:: Task prompt ::
Return the lines of the data below starting at the one holding "新芽-雙盤組27CM_玫瑰粉(可微波)(禮盒)" and ending at the one holding "明日はいよいよ幼稚園の夏祭り", word for word, leaving every picture out.

:: Task data ::
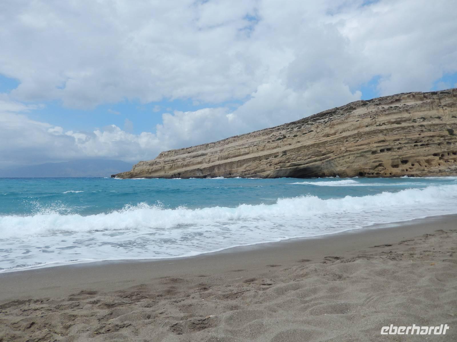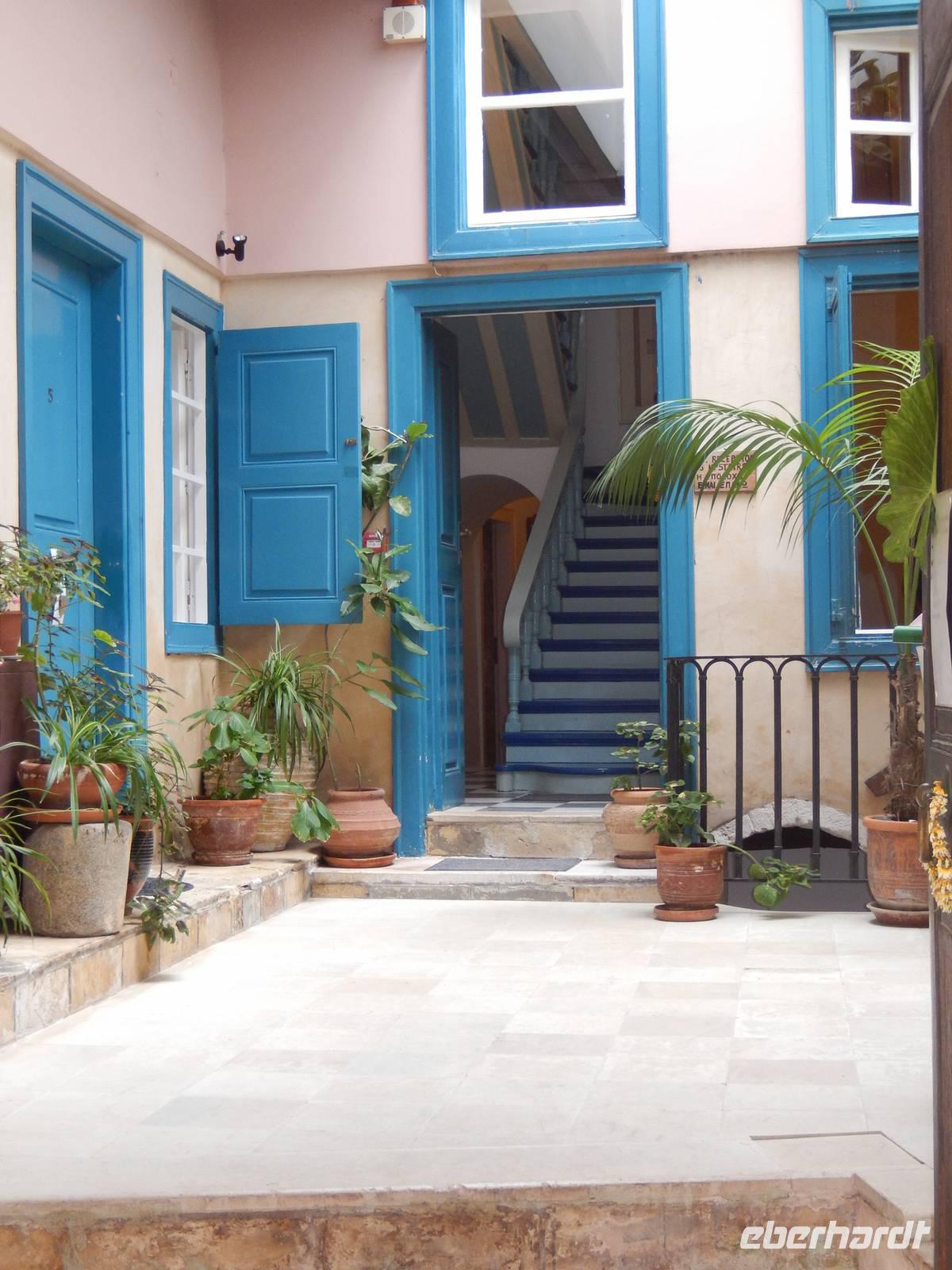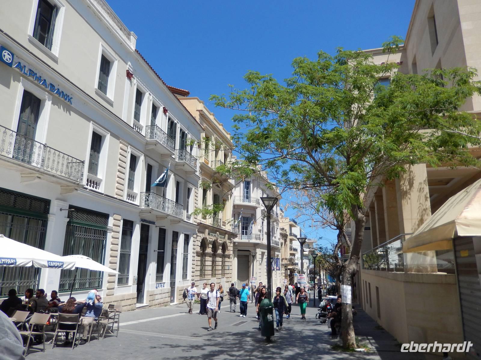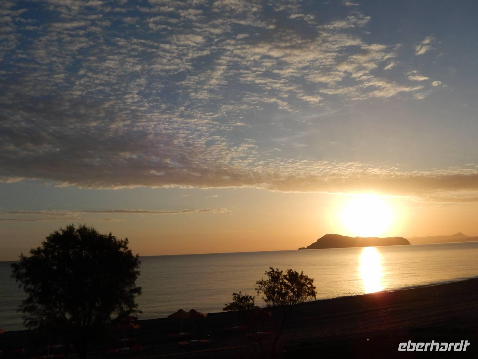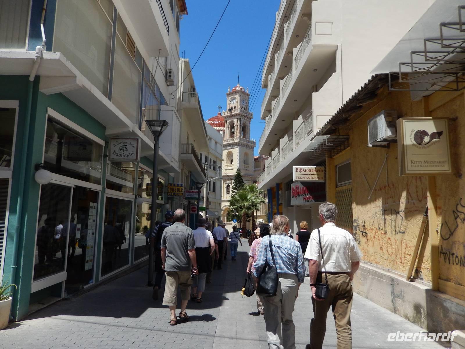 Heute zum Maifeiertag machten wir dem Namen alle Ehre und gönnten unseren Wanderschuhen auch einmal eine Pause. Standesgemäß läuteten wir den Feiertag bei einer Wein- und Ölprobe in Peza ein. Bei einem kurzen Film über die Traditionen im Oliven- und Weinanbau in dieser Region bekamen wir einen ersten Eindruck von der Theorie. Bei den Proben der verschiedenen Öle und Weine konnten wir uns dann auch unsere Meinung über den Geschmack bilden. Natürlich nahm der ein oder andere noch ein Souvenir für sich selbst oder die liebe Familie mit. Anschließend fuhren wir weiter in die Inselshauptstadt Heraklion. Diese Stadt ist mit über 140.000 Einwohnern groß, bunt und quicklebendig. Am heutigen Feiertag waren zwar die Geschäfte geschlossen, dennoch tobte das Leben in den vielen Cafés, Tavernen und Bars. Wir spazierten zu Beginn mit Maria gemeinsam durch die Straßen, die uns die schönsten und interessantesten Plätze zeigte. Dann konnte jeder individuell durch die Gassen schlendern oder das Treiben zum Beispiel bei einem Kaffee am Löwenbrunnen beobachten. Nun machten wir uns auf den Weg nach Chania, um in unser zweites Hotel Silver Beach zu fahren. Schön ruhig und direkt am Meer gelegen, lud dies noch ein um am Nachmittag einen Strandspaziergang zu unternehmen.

--

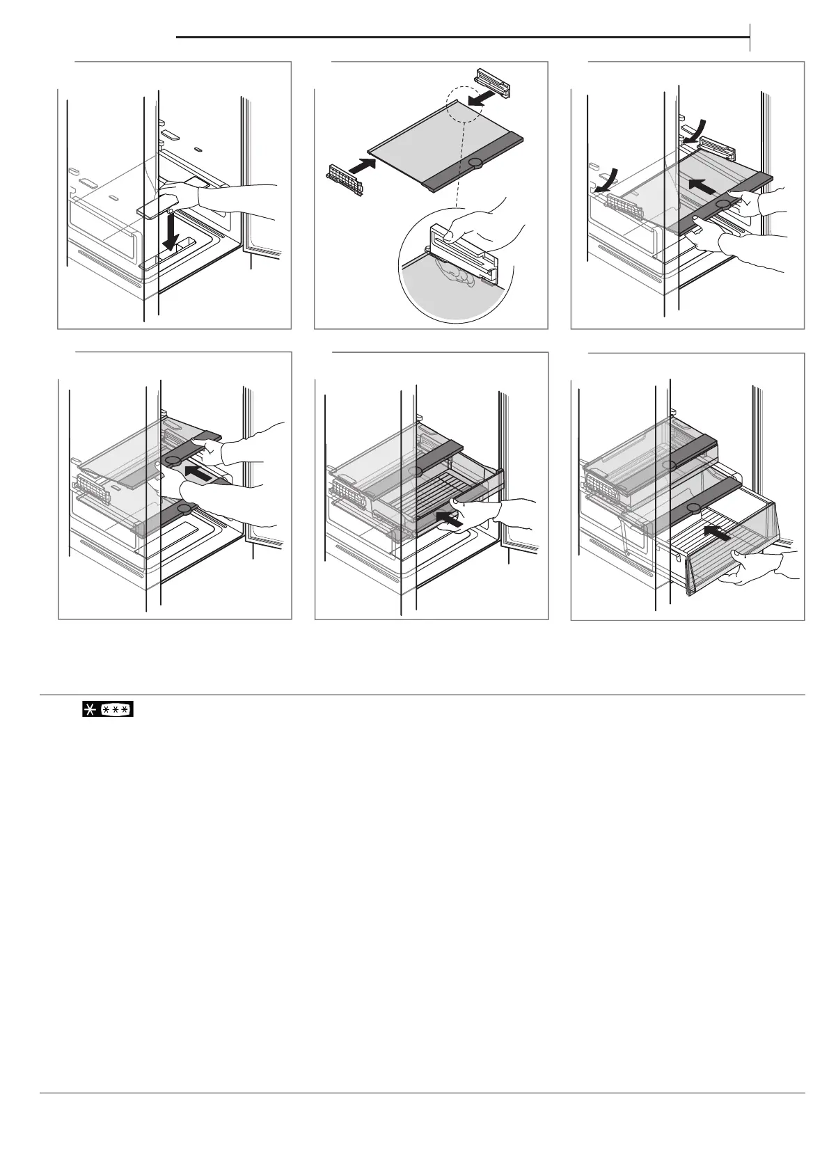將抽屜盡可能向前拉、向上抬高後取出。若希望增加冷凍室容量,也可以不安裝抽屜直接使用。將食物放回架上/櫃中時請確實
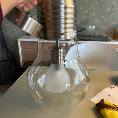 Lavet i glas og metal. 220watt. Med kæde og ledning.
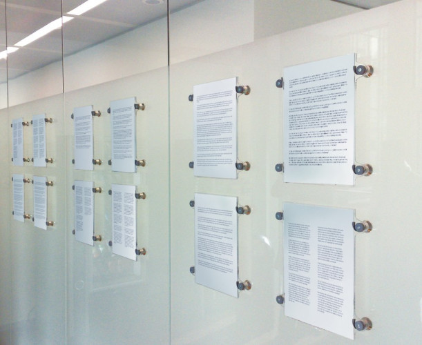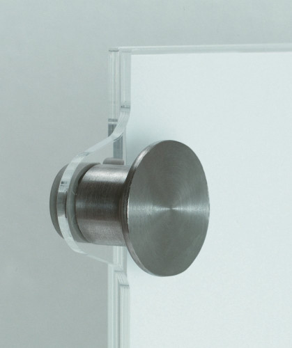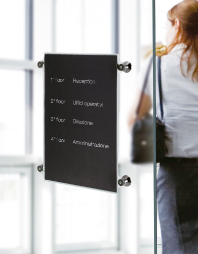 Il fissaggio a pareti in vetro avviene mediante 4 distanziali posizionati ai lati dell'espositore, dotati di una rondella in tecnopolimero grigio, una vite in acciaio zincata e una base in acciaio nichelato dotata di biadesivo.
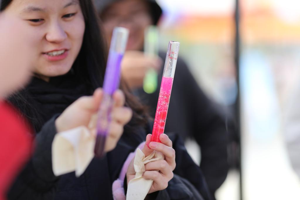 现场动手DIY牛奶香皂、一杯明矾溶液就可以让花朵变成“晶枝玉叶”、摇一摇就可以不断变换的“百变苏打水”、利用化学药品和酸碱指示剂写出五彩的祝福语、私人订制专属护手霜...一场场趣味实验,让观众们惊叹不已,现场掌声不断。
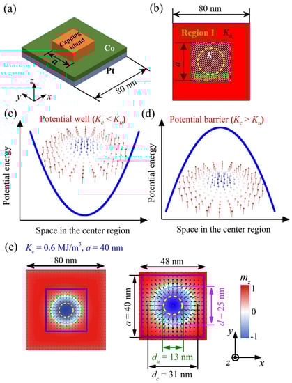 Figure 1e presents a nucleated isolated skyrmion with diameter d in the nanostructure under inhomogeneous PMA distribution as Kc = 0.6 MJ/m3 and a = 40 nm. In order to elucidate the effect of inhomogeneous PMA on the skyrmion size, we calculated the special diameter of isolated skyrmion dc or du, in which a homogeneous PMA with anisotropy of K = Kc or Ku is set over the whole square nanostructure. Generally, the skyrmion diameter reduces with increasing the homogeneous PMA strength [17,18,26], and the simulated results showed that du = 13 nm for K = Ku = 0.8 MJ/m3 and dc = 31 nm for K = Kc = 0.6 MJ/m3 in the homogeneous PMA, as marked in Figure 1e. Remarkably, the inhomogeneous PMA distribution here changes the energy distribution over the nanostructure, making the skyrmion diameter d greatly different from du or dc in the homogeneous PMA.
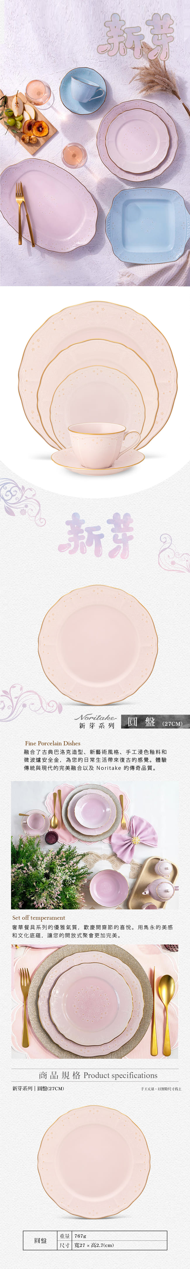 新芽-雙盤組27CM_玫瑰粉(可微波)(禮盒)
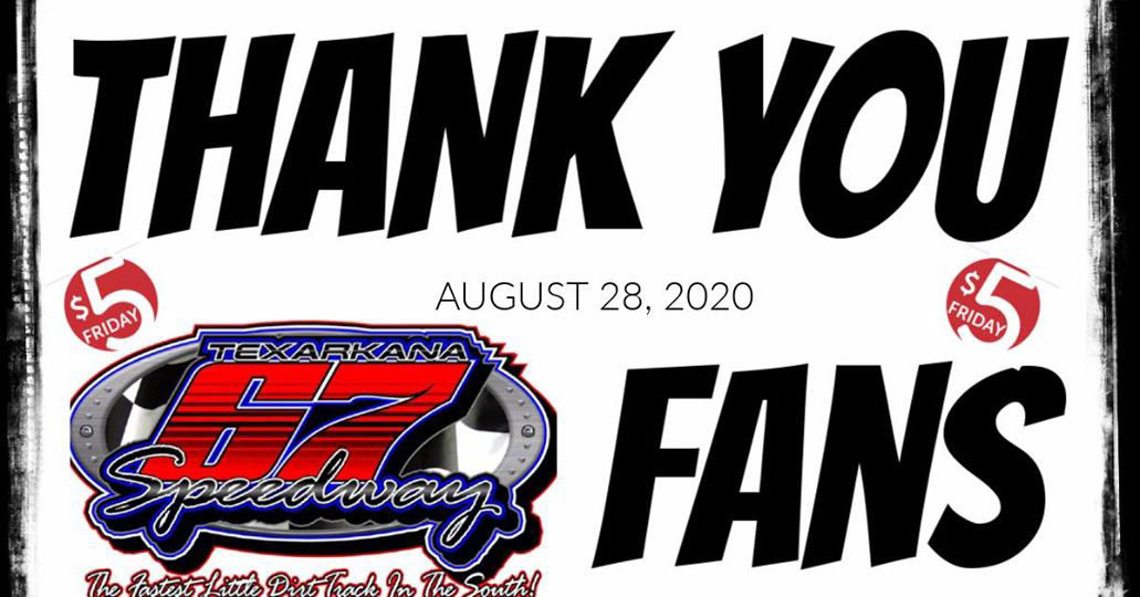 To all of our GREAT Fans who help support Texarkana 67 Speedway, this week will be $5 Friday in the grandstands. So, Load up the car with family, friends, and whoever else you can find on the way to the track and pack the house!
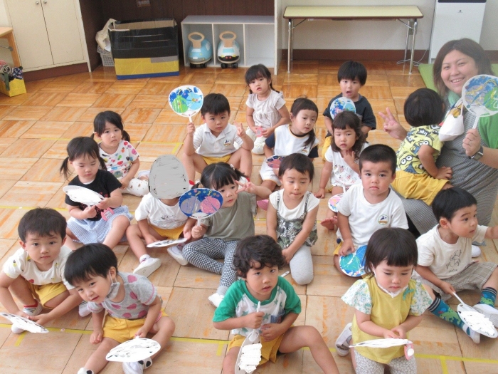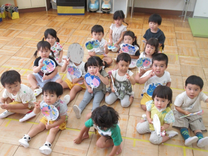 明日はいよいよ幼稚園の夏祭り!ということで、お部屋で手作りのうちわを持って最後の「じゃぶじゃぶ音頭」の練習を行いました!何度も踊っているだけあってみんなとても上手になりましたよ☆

:: Exercise output ::
 新芽-雙盤組27CM_玫瑰粉(可微波)(禮盒)
 To all of our GREAT Fans who help support Texarkana 67 Speedway, this week will be $5 Friday in the grandstands. So, Load up the car with family, friends, and whoever else you can find on the way to the track and pack the house!
 明日はいよいよ幼稚園の夏祭り!ということで、お部屋で手作りのうちわを持って最後の「じゃぶじゃぶ音頭」の練習を行いました!何度も踊っているだけあってみんなとても上手になりましたよ☆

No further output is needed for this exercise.